YOUR GOAL: Return the listing below exactly, with the pictures dropped.

MATERIALS PROVIDED:
##############################
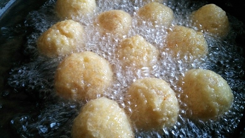 - ps:米饭如果用剩米饭,有点偏硬,可加热至软;饭团一定要炸出脆皮后再小火慢炸2-3分钟
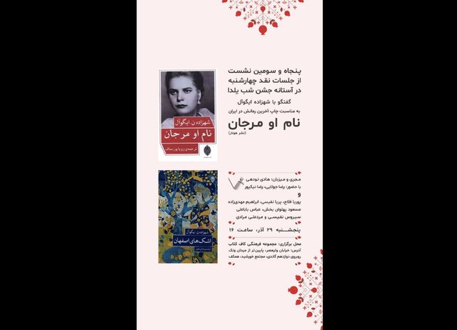 به گزارش ایسنا،سیروس نفیسی، هماهنگکننده برگزاری جلسات «نقد چهارشنبه» گفت: پنجاه و سومین نشست از این سلسله جلسات، به نشست و گفتوگو با شهزاده ایگوآل به مناسبت چاپ آخرین رمانش در ایران با عنوان «نام او مرجان» اختصاص دارد که (پنجشنبه، ۲۹ آذر ماه) از ساعت ۱۶:۰۰ در مجتمع فرهنگی کاف کتاب، با حضور نویسنده، رضا جولایی، رضا نیکپور و جمعی از نویسندگان و منتقدان ادبی برگزار میشود.
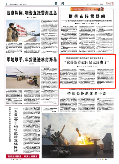 收到這份特殊的禮物后,王老迫不及待地觀看了光盤里的視頻。在一旁的兒子王鷹從視頻里看到父親曾多次提及的戰(zhàn)斗過的地方,十分感動(dòng):“這份新春慰問品太珍貴了!”
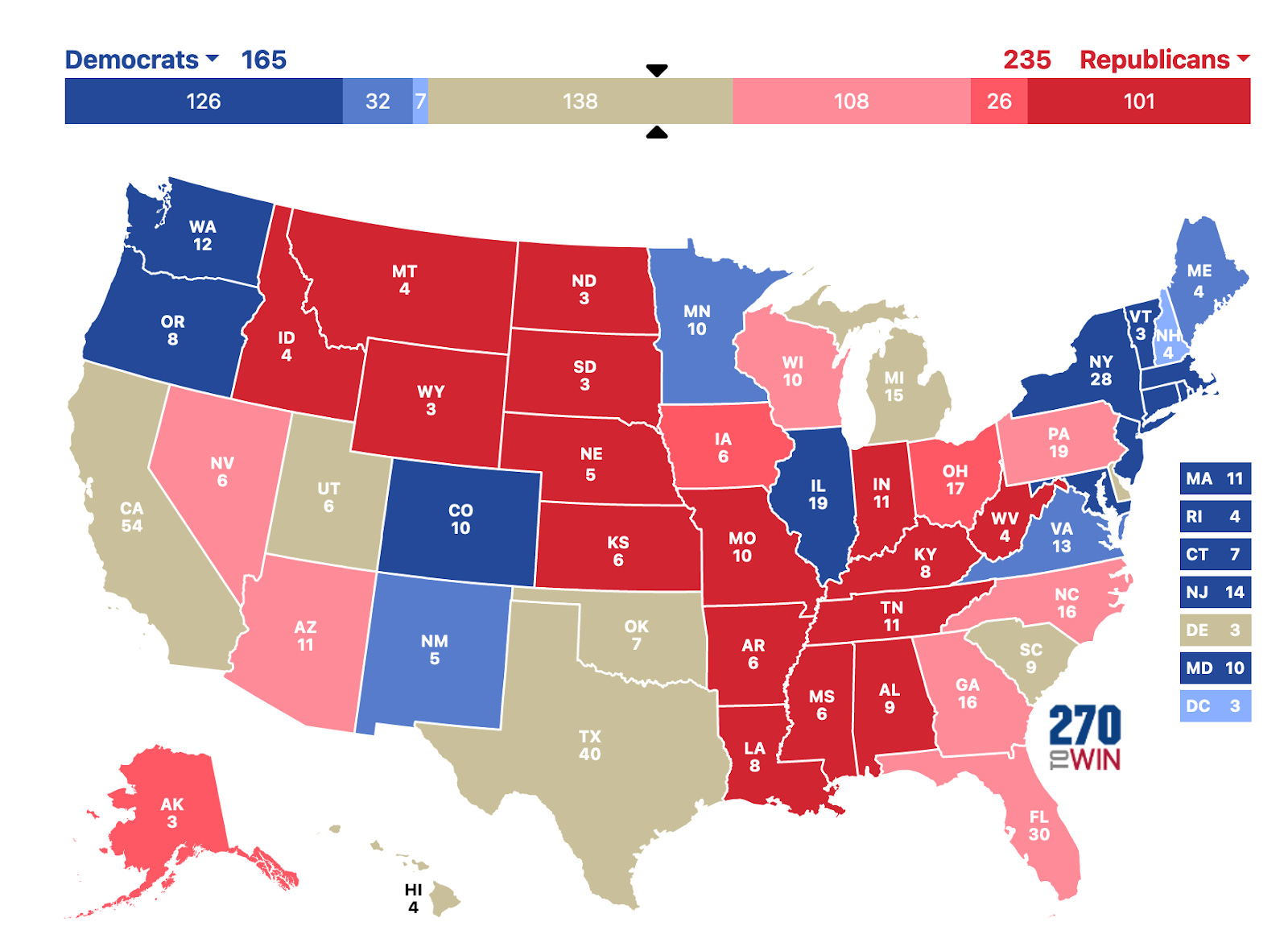 In total, these 21 states represent 292 electoral votes. Kennedy is eligible for 138 electoral votes in the eight states where he is officially on the ballot.
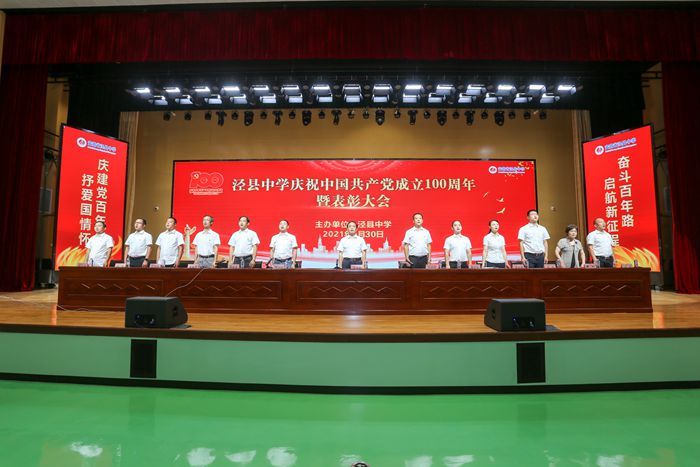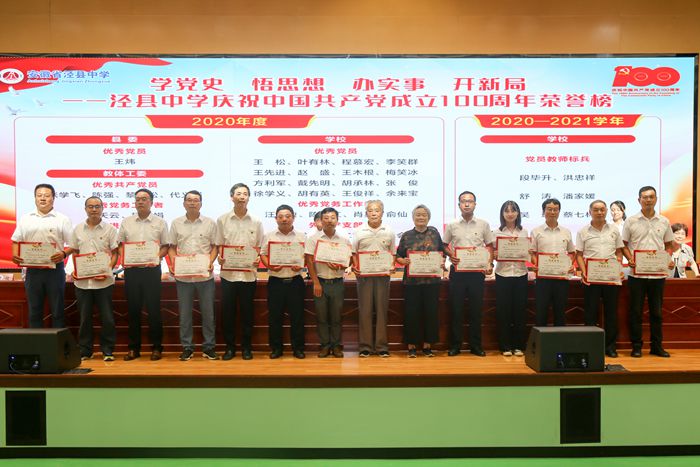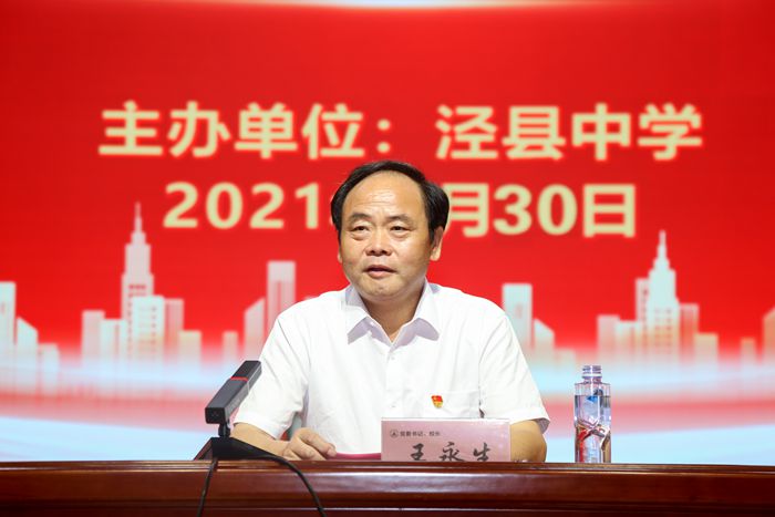 校党委书记、校长王永生在会上代表学校党委向全体党员致以节日的问候,向受表彰的优秀党员、优秀党务工作者和党员教师标兵表示热烈祝贺,向一年来辛勤工作在各自岗位上的广大党员教师表示衷心的感谢。随后,他为全体党员和学生作了题为《击鼓催征奋楫扬帆 砥砺初心 实现伟业》的党史专题党课。党课分为三部分,第一部分风雨百年,青史可鉴中,王校长回顾了党的百年历史,指出,从建党的开天辟地,到新中国成立的改天换地,到改革开放的翻天覆地,再到新时代取得历史性成就、发生历史性变革,都证明了没有共产党就没有新中国。第二部分重任在肩,奋斗不息中,王校长指出,站在学校“十四五”规划开局的崭新起点,我们全体泾中人尤其是党员教师要坚定信念,师生至上,甘做为师生服务的“孺子牛”;要埋头苦干,敢闯敢试,争当创新发展的“拓荒牛”;要脚踏实地,无私奉献,誓做艰苦奋斗的“老黄牛”,为加快建设人民满意的省级示范高中,实现学校“全市前列、皖南一流、江南名校”的强校目标而努力奋斗!第三部分初心如磐,勇往直前中,王校长给全校广大学生提出了殷切希望,要求大家以实现“两个百年”奋斗目标、伟大民族复兴的中国梦为己任,自觉做共产主义远大理想和中国特色社会主义共同理想的坚定信仰者和忠诚实践者,奋力成为新时代建设社会主义现代化强国的合格建设者和可靠接班人。
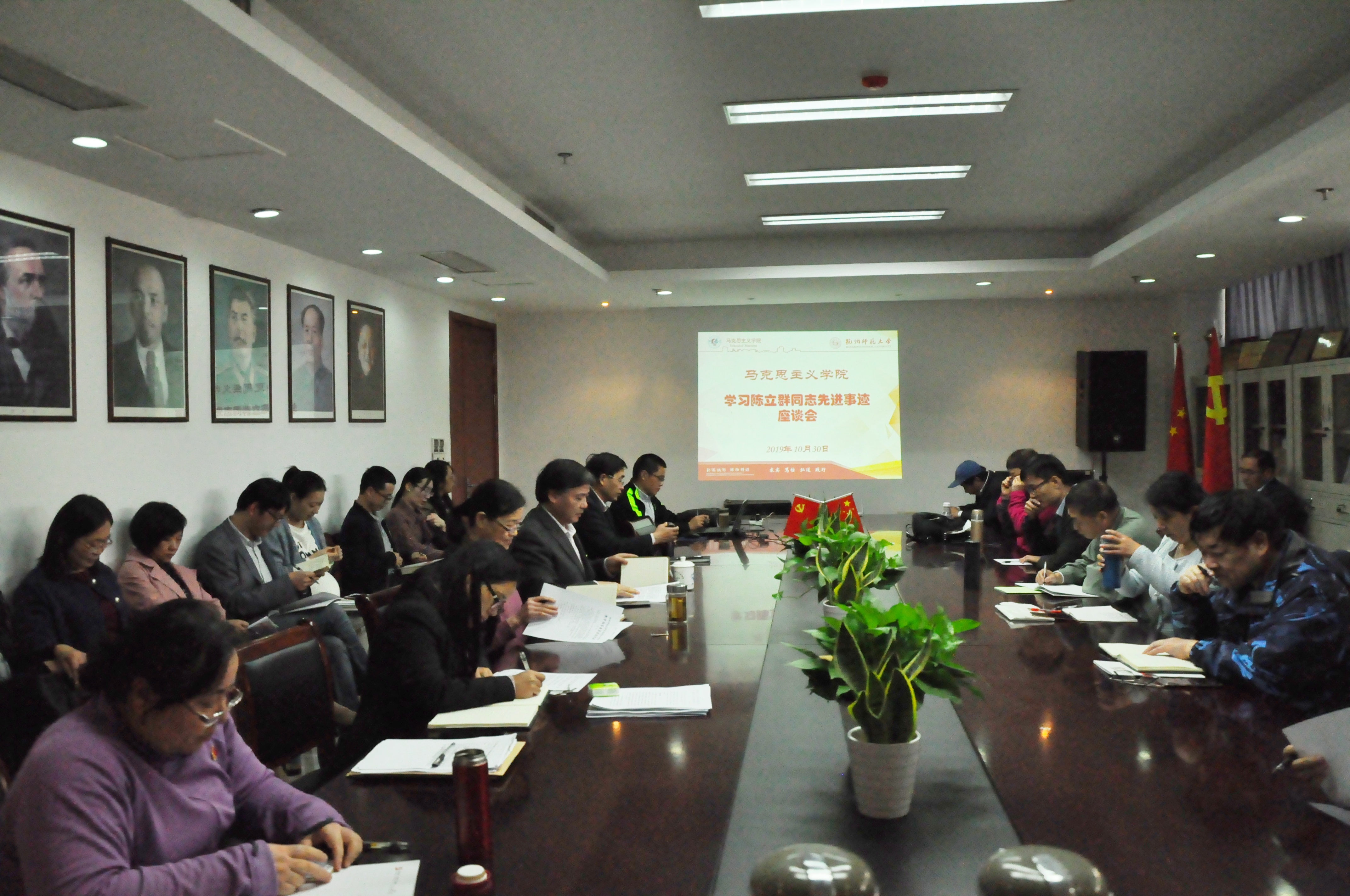 10月30日下午,在恕园1号楼306会议室,日本色情片 党总支组织召开全体教职工学习陈立群同志先进事迹座谈会。学院党总支书记、院长余龙进主持并讲话,副院长何丽君和全体教职工参加,研究生党支部书记方勇骏博士作主旨发言。
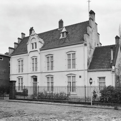 Laatgotisch huis van het Nederrijnse type met een der lange gevels aan de straat en een zadeldak tussen trapgevels met ezelsruggen. Hoekpand. De gevel is door een geprofileerd bakstenen waterlijst in een hoge begane-grond verdieping met insteek en een lage bovenverdieping verdeeld.
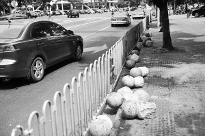 | 海口市玉沙南路与国贸大道交叉口,惨遭破坏的阻车石桩。 本报记者 张杰 摄 |
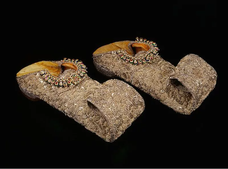 16. 这双鞋曾经属于18世纪海得拉巴的尼扎姆。它精致的设计极其复杂,和你以前见过的任何东西都不一样。整只鞋都是用金线绣的,上面镶嵌着大量的红宝石、祖母绿、钻石和其他昂贵的宝石。这双价值16万美元的鞋子是多伦多一家博物馆的财产,但被盗了。幸运的是,他们被找到了,但在这个过程中受到了一些损害。
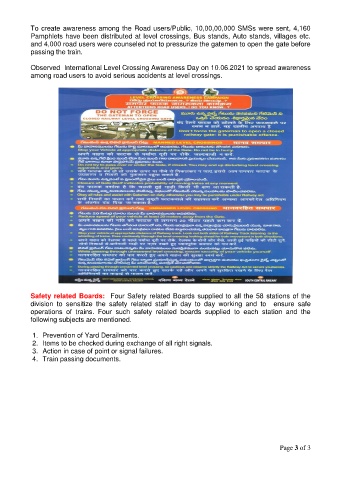 Pamphlets have been distributed at level crossings, Bus stands, Auto stands, villages etc.
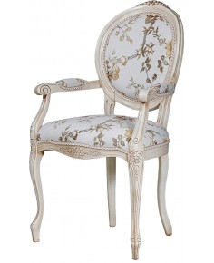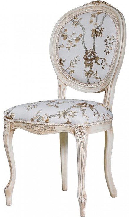Sedia in legno di faggio con schienale e sedile imbottiti in tessuto. La sua linea regale ma confortevole la rende adatta ad arredare ambienti che ne ricercano quel determinato stile e che ne vogliono ricreare l'atmosfera - ristoranti, alberghi, sale polivalenti.
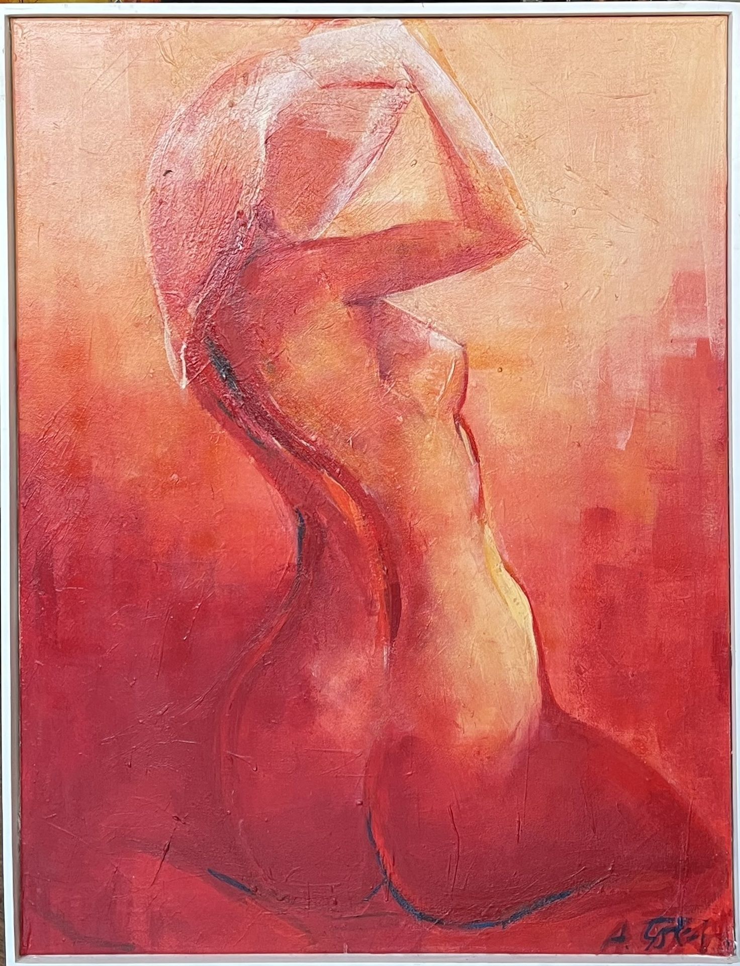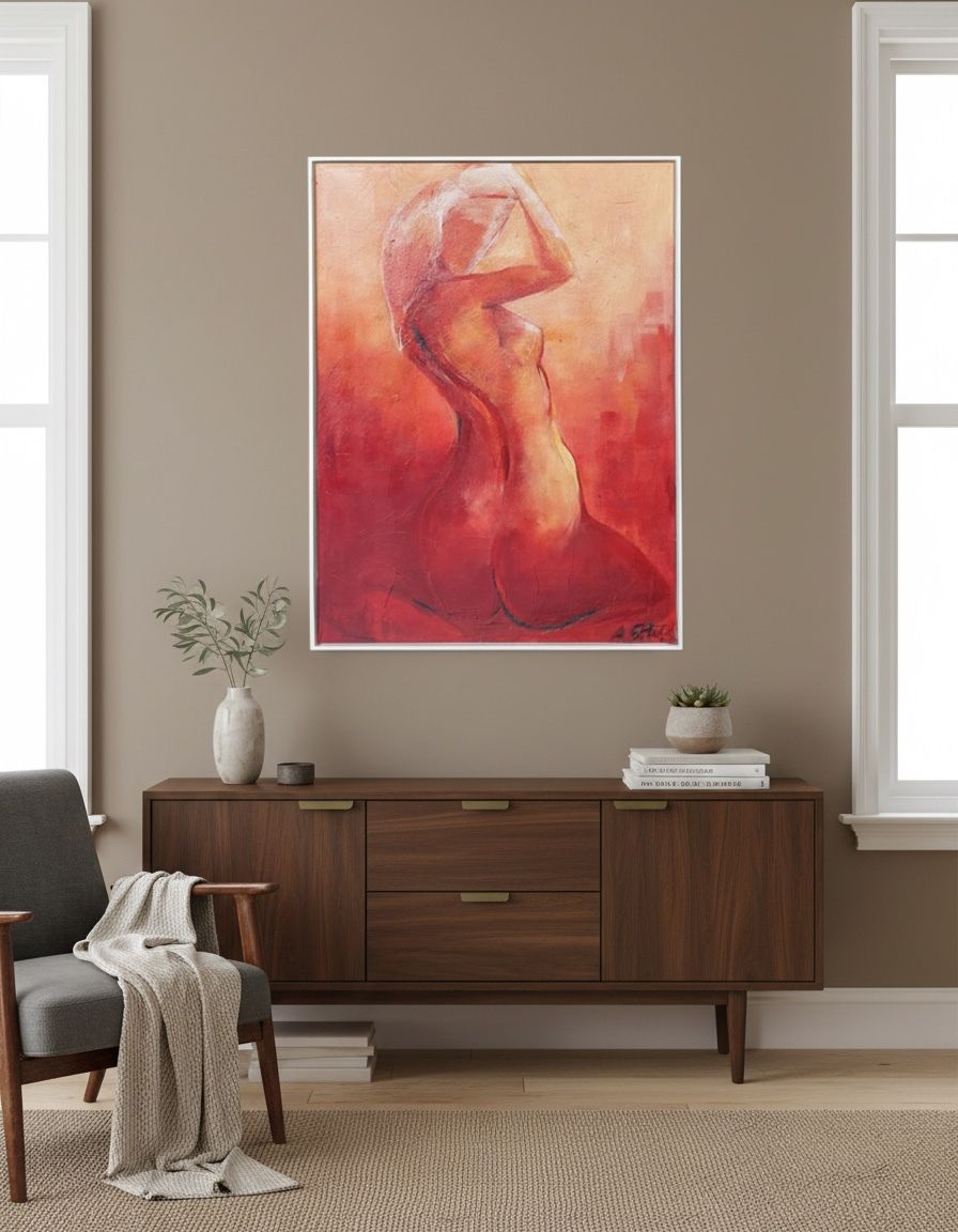 Akt — olejomaľba na plátne, 105 × 78 cm. Originálne autorské dielo s výraznou hrou svetla, farby a textúry, ktoré sa stane pôsobivým centrom interiéru alebo cenným prírastkom do zbierky. Každý ťah štetca je jedinečný a prináša hmatateľnú plastiku povrchu. Centrom maľby je abstraktná postava ženy vo vášnivých odtieňoch červenej a oranžovej, ktorá sa otáča smerom k divákovi.
##############################
OUTPUT BELOW:
 - ps:米饭如果用剩米饭,有点偏硬,可加热至软;饭团一定要炸出脆皮后再小火慢炸2-3分钟
 به گزارش ایسنا،سیروس نفیسی، هماهنگکننده برگزاری جلسات «نقد چهارشنبه» گفت: پنجاه و سومین نشست از این سلسله جلسات، به نشست و گفتوگو با شهزاده ایگوآل به مناسبت چاپ آخرین رمانش در ایران با عنوان «نام او مرجان» اختصاص دارد که (پنجشنبه، ۲۹ آذر ماه) از ساعت ۱۶:۰۰ در مجتمع فرهنگی کاف کتاب، با حضور نویسنده، رضا جولایی، رضا نیکپور و جمعی از نویسندگان و منتقدان ادبی برگزار میشود.
 收到這份特殊的禮物后,王老迫不及待地觀看了光盤里的視頻。在一旁的兒子王鷹從視頻里看到父親曾多次提及的戰(zhàn)斗過的地方,十分感動(dòng):“這份新春慰問品太珍貴了!”
 In total, these 21 states represent 292 electoral votes. Kennedy is eligible for 138 electoral votes in the eight states where he is officially on the ballot.
 校党委书记、校长王永生在会上代表学校党委向全体党员致以节日的问候,向受表彰的优秀党员、优秀党务工作者和党员教师标兵表示热烈祝贺,向一年来辛勤工作在各自岗位上的广大党员教师表示衷心的感谢。随后,他为全体党员和学生作了题为《击鼓催征奋楫扬帆 砥砺初心 实现伟业》的党史专题党课。党课分为三部分,第一部分风雨百年,青史可鉴中,王校长回顾了党的百年历史,指出,从建党的开天辟地,到新中国成立的改天换地,到改革开放的翻天覆地,再到新时代取得历史性成就、发生历史性变革,都证明了没有共产党就没有新中国。第二部分重任在肩,奋斗不息中,王校长指出,站在学校“十四五”规划开局的崭新起点,我们全体泾中人尤其是党员教师要坚定信念,师生至上,甘做为师生服务的“孺子牛”;要埋头苦干,敢闯敢试,争当创新发展的“拓荒牛”;要脚踏实地,无私奉献,誓做艰苦奋斗的“老黄牛”,为加快建设人民满意的省级示范高中,实现学校“全市前列、皖南一流、江南名校”的强校目标而努力奋斗!第三部分初心如磐,勇往直前中,王校长给全校广大学生提出了殷切希望,要求大家以实现“两个百年”奋斗目标、伟大民族复兴的中国梦为己任,自觉做共产主义远大理想和中国特色社会主义共同理想的坚定信仰者和忠诚实践者,奋力成为新时代建设社会主义现代化强国的合格建设者和可靠接班人。
 10月30日下午,在恕园1号楼306会议室,日本色情片 党总支组织召开全体教职工学习陈立群同志先进事迹座谈会。学院党总支书记、院长余龙进主持并讲话,副院长何丽君和全体教职工参加,研究生党支部书记方勇骏博士作主旨发言。
 Laatgotisch huis van het Nederrijnse type met een der lange gevels aan de straat en een zadeldak tussen trapgevels met ezelsruggen. Hoekpand. De gevel is door een geprofileerd bakstenen waterlijst in een hoge begane-grond verdieping met insteek en een lage bovenverdieping verdeeld.
 | 海口市玉沙南路与国贸大道交叉口,惨遭破坏的阻车石桩。 本报记者 张杰 摄 |
 16. 这双鞋曾经属于18世纪海得拉巴的尼扎姆。它精致的设计极其复杂,和你以前见过的任何东西都不一样。整只鞋都是用金线绣的,上面镶嵌着大量的红宝石、祖母绿、钻石和其他昂贵的宝石。这双价值16万美元的鞋子是多伦多一家博物馆的财产,但被盗了。幸运的是,他们被找到了,但在这个过程中受到了一些损害。
 Pamphlets have been distributed at level crossings, Bus stands, Auto stands, villages etc.
Sedia in legno di faggio con schienale e sedile imbottiti in tessuto. La sua linea regale ma confortevole la rende adatta ad arredare ambienti che ne ricercano quel determinato stile e che ne vogliono ricreare l'atmosfera - ristoranti, alberghi, sale polivalenti.
 Akt — olejomaľba na plátne, 105 × 78 cm. Originálne autorské dielo s výraznou hrou svetla, farby a textúry, ktoré sa stane pôsobivým centrom interiéru alebo cenným prírastkom do zbierky. Každý ťah štetca je jedinečný a prináša hmatateľnú plastiku povrchu. Centrom maľby je abstraktná postava ženy vo vášnivých odtieňoch červenej a oranžovej, ktorá sa otáča smerom k divákovi.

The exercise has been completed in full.